- Born: 1985 Brookhaven, New York, U.S.
- Citizenship: American Jamaican
- Occupations: Filmmaker, photographer
- Years active: 2010–present
- Notable work: Field Niggas (2015); Souls Against the Concrete (2017); Black Mother (2018);
- Website: www.khalikallah.com

= Khalik Allah =

American filmmaker and photographer

Khalik Allah (born 1985) is an American filmmaker and photographer. His 2015 documentary film Field Niggas and his 2017 book Souls Against the Concrete depict people who inhabit the notorious Harlem corner of 125th Street and Lexington Avenue in New York City. His film Black Mother (2018) depicts people on the island of Jamaica. "He favours visual portraits of people on the street – filming their faces for several seconds as they pose as if for a still camera." Khalik lives on Long Island and is a Nominee member of Magnum Photos.

==Life and work==
Khalik was born in Brookhaven, New York. His mother is Jamaican and his father is Iranian. He grew up in Suffolk County on Long Island, New York, but moved between Queens and Harlem throughout his childhood. His parents met at university in Bristol, England. He is a dual Jamaican-American citizen.

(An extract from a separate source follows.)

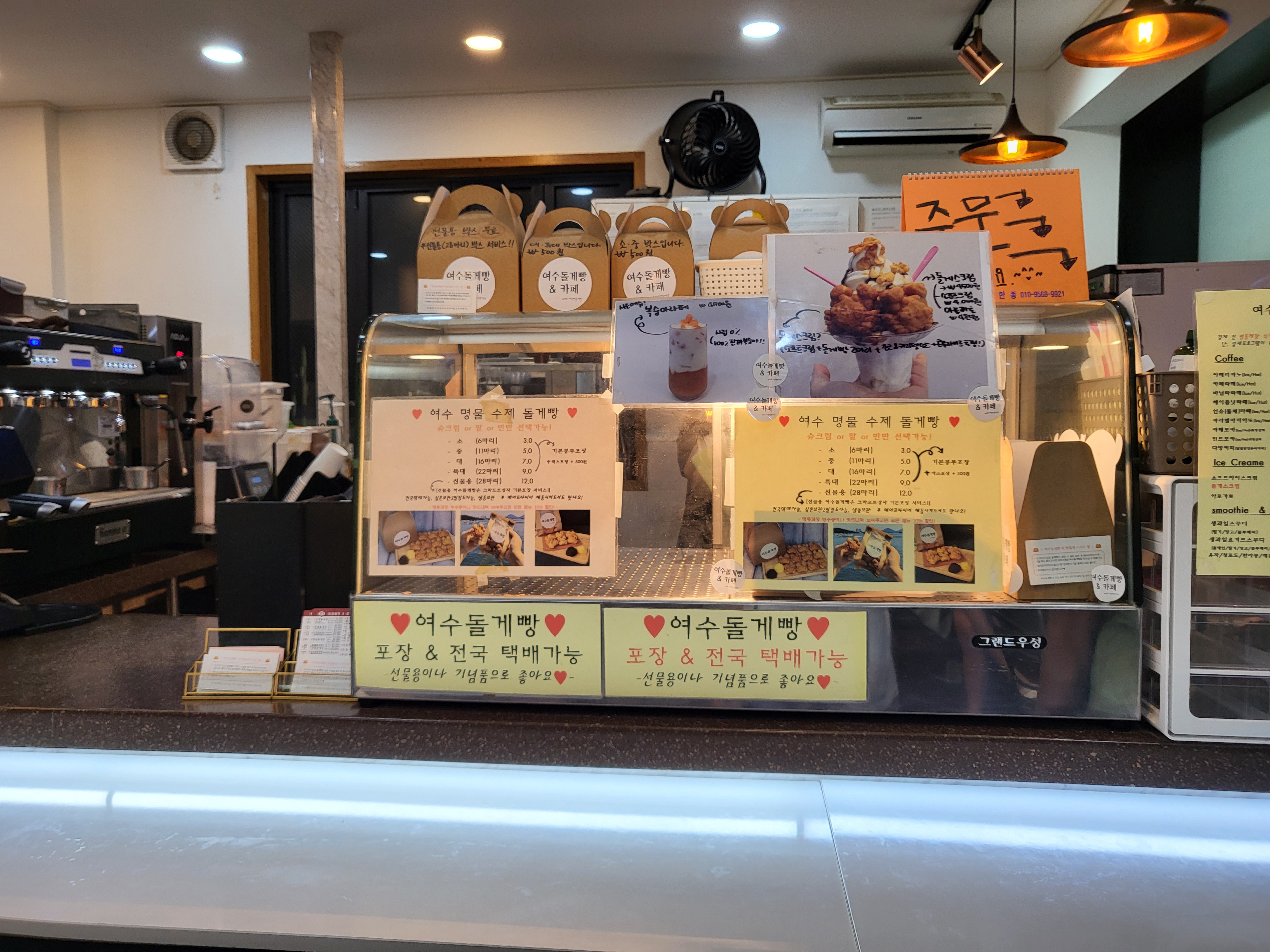 연휴길때 여수여행 많이들 왔는지 저녁에 갔더니 대기가 어마어마한거에요 대기표받고 명동게장 맞은편에 대기실이 있어 자리잡고 대기하다 배고픔을 못이기고 여수돌게빵을 사버렸어요

He started making movies at age 19 with a Hi-8 video camera. His first feature film, Popa Wu: A 5% Story (2010), was a "normal, talking heads documentary" about Popa Wu, "Wu-Tang Clan's de facto spiritual advisor" and a member of Five-Percent Nation. It took four years to make. Khalik took up still photography in 2010.

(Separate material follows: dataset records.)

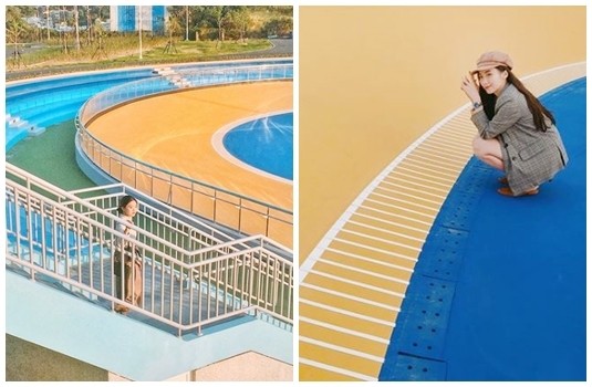 LOOKin打卡爆讚點:就是衝著這顏色太美!「漸層藍階梯、對比色操場」最完美背景,好拍到手機沒電!
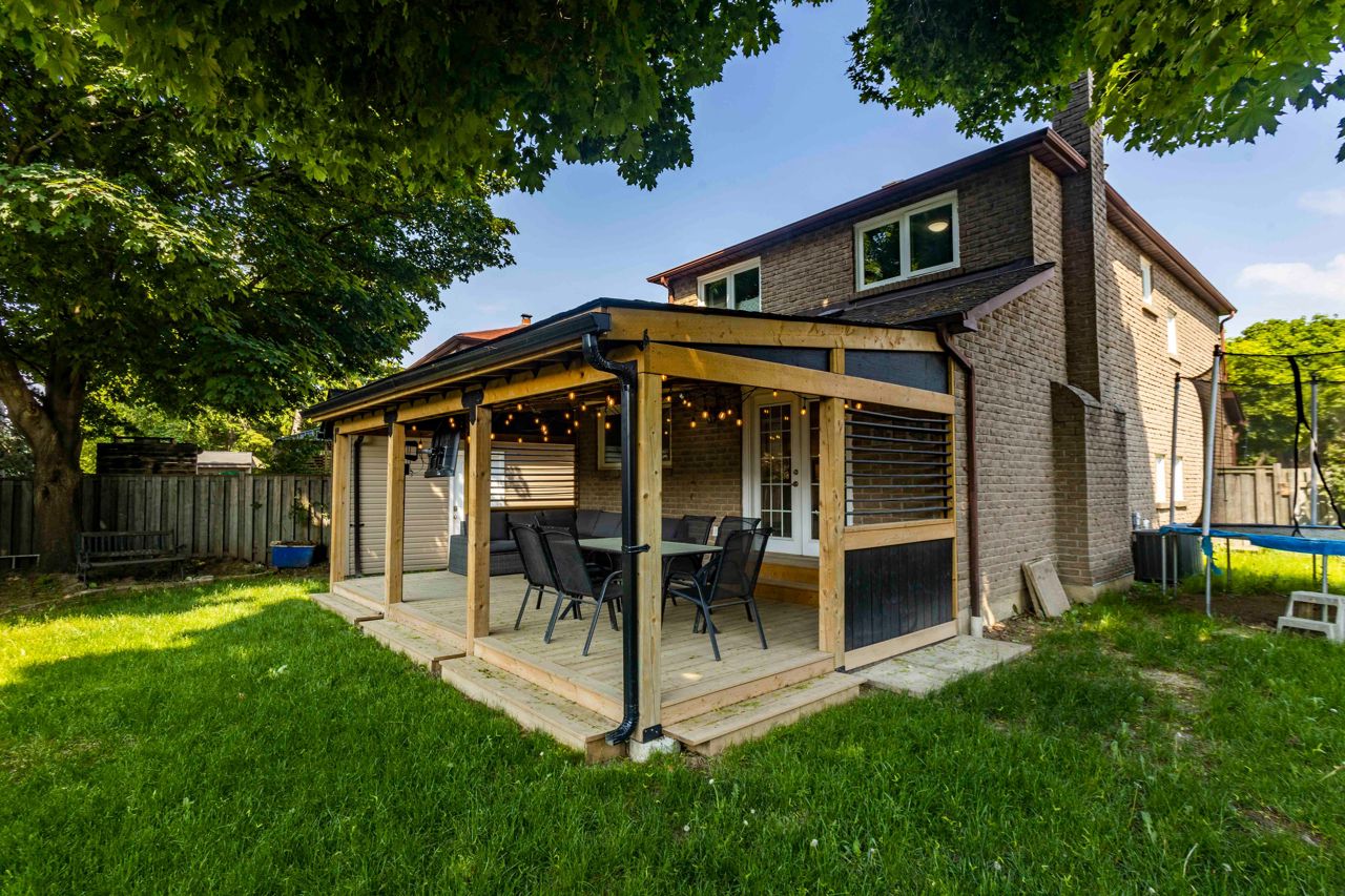 *** No Neighbours Behind! Pie-shaped Lot with Private Backyard *** Fully renovated kitchen (2020) features large quartz countertop, ample cabinetry * Finished Basement with Den (2020) perfect for Bedroom/Office/Exercise Rm * Custom-built Shed w/ Electrical (2020) * Large Custom-Built Covered Deck with Skylights & Privacy Screens (2020) * Stone Walkway (2023) * Furnace (2018) * Roof Shingles (2018) * Primary Bedroom has 3 Closets w/ Potential for 4pc Ensuite * Secluded, Quiet, Family-Oriented Cres flanked by Greenspace & Westney Heights Plaza w/ Neighbourhood Watch & No Thru-Traffic * Walking distance to Everything incl Shopping, Restaurants, Schools, GO Transit, & Miller Creek Park & Trails *All existing ELFs, Appliances incl Fridge, Stove, B/I Microwave-Rangehood, B/I dishwasher, washer, & dryer, Window Coverings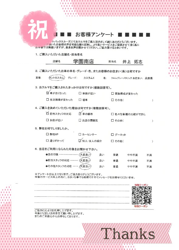 この度は当店で新車タントカスタムの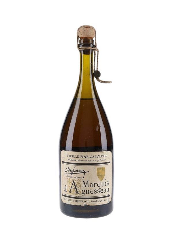 A bottle of Chateau d'Hebertot Marquis d'Aguesseau Vieille Fine Calvados.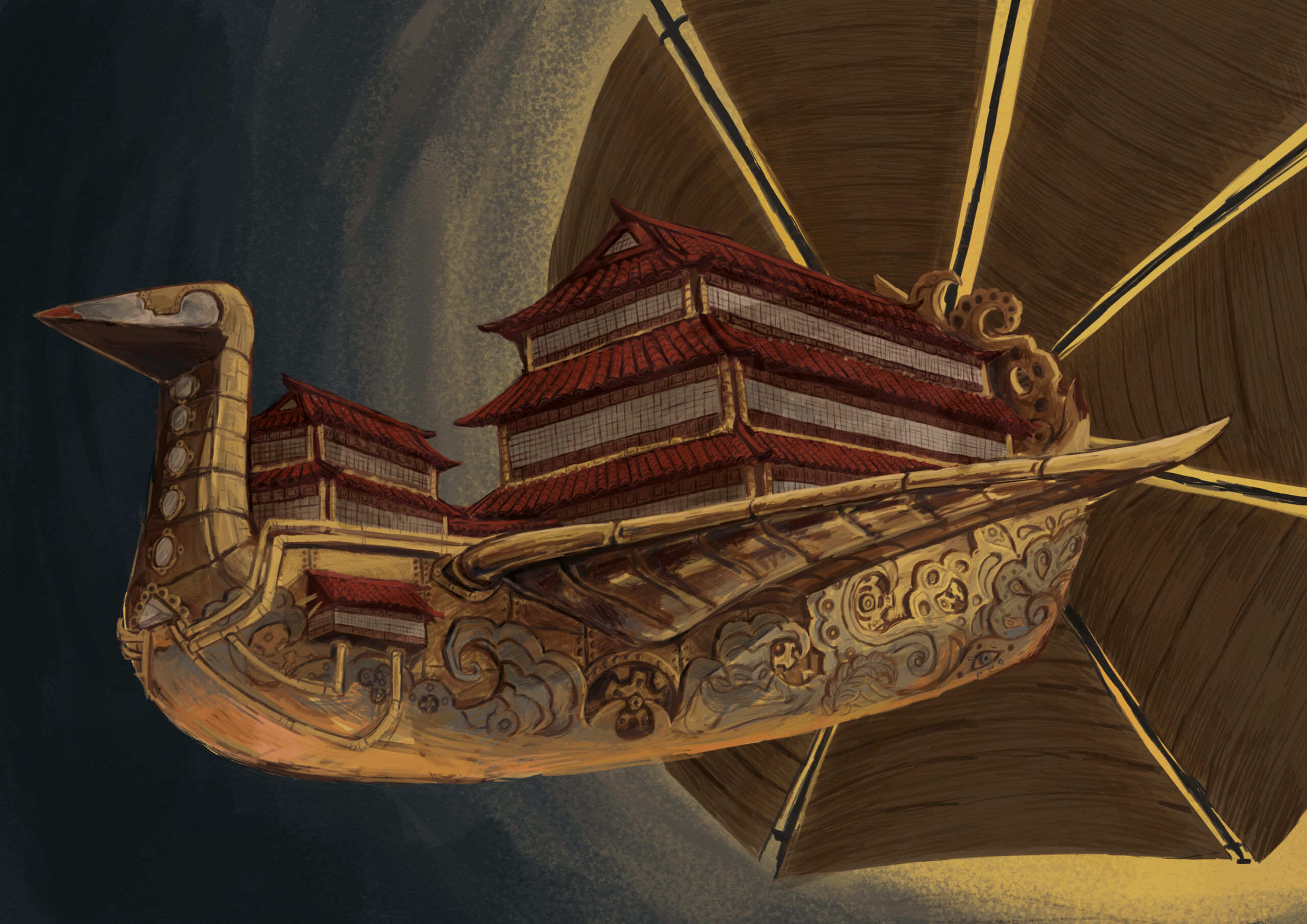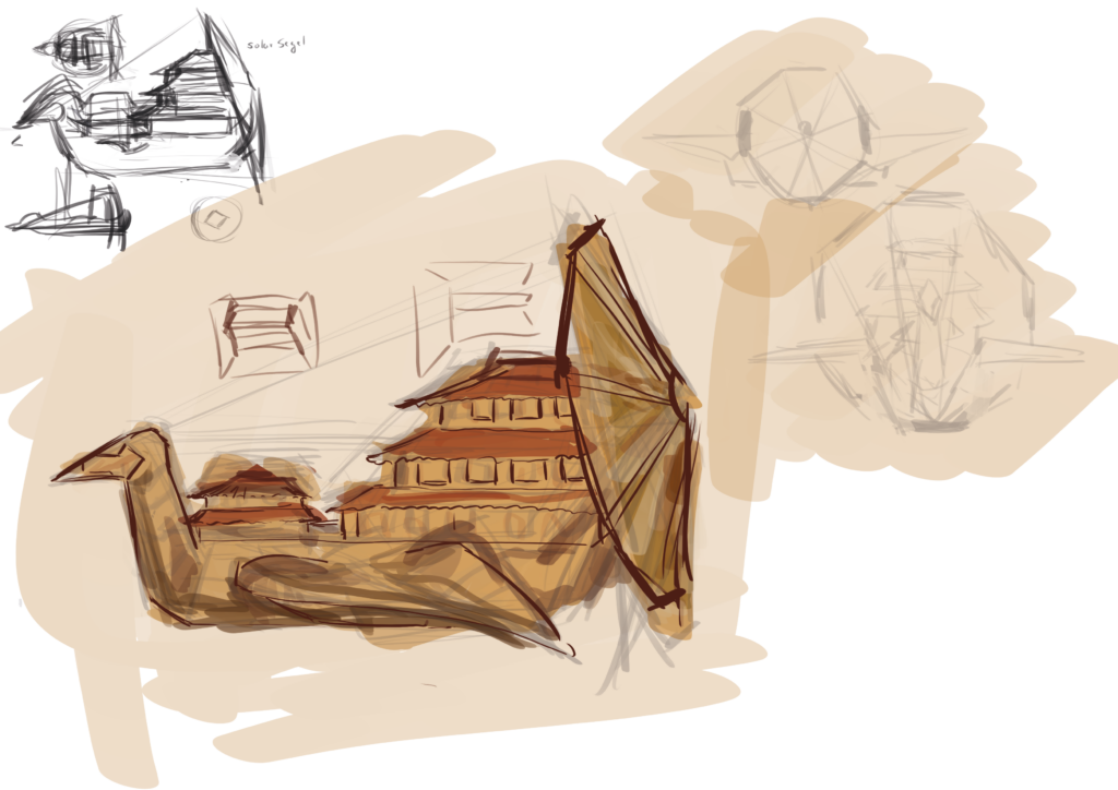 [The Flying Craine] is the spacecraft of this fraction. It’s based on origami paper cranes and ancient Japanese trading ships. I decided to give it a solar sail since this fraction has little means and needs to be as resourceful as possible.

In June 2020 he became a Nominee member of Magnum Photos.

Khalik is a Five Percenter.

===Field Niggas===

Described by The Village Voice as "more a woozy experience you press through than an ethnographic study you watch, Khalik Allah's hour-long non-narrative street-life doc Field Niggas stands as the most striking sort of urban portraiture." The film comprises observational footage of, and interviews and discussions with, people at night around the notorious Harlem street corner of 125th Street and Lexington Avenue in New York City. Its subjects are predominantly African American, experiencing poverty, homelessness, drug addiction, and harassment from the police; people with "a hunger to have their voices heard". The police are also portrayed.

The film's title is taken from "Message to the Grass Roots", a public speech delivered by human rights activist Malcolm X in 1963, "extolling the spirit of rebellion among outdoor slaves." The film was made in summer 2014, filmed using a handheld camera. Apart from the cinematography, it includes surveillance footage of the strangulation of Eric Garner as well as the overdubbed sound of field hollers by a 1950s chain gang.

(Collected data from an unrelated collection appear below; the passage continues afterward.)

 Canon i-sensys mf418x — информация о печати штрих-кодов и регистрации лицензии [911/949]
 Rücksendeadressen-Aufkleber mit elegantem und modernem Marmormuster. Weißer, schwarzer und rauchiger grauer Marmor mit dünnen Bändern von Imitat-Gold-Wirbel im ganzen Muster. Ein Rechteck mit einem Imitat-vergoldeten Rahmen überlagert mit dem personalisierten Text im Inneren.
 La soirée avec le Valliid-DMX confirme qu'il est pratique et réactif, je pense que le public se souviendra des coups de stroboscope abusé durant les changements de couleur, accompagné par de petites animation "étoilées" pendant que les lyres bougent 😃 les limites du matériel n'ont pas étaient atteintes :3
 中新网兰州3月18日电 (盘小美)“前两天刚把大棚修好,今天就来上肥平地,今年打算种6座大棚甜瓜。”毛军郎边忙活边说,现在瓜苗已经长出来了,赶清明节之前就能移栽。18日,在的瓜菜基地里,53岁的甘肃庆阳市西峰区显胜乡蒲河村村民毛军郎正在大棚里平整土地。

Khalik released the film for free on YouTube and Vimeo in 2015 for a short time, before removing it at the request of True/False Film Festival so it could show there. It has since been shown on the film festival and college circuits in the US and Europe.

===Souls Against the Concrete===
Souls Against the Concrete consists of Khalik's photographs of people at night around the intersection of 125th Street and Lexington Avenue in New York City, between 2012 and 2016.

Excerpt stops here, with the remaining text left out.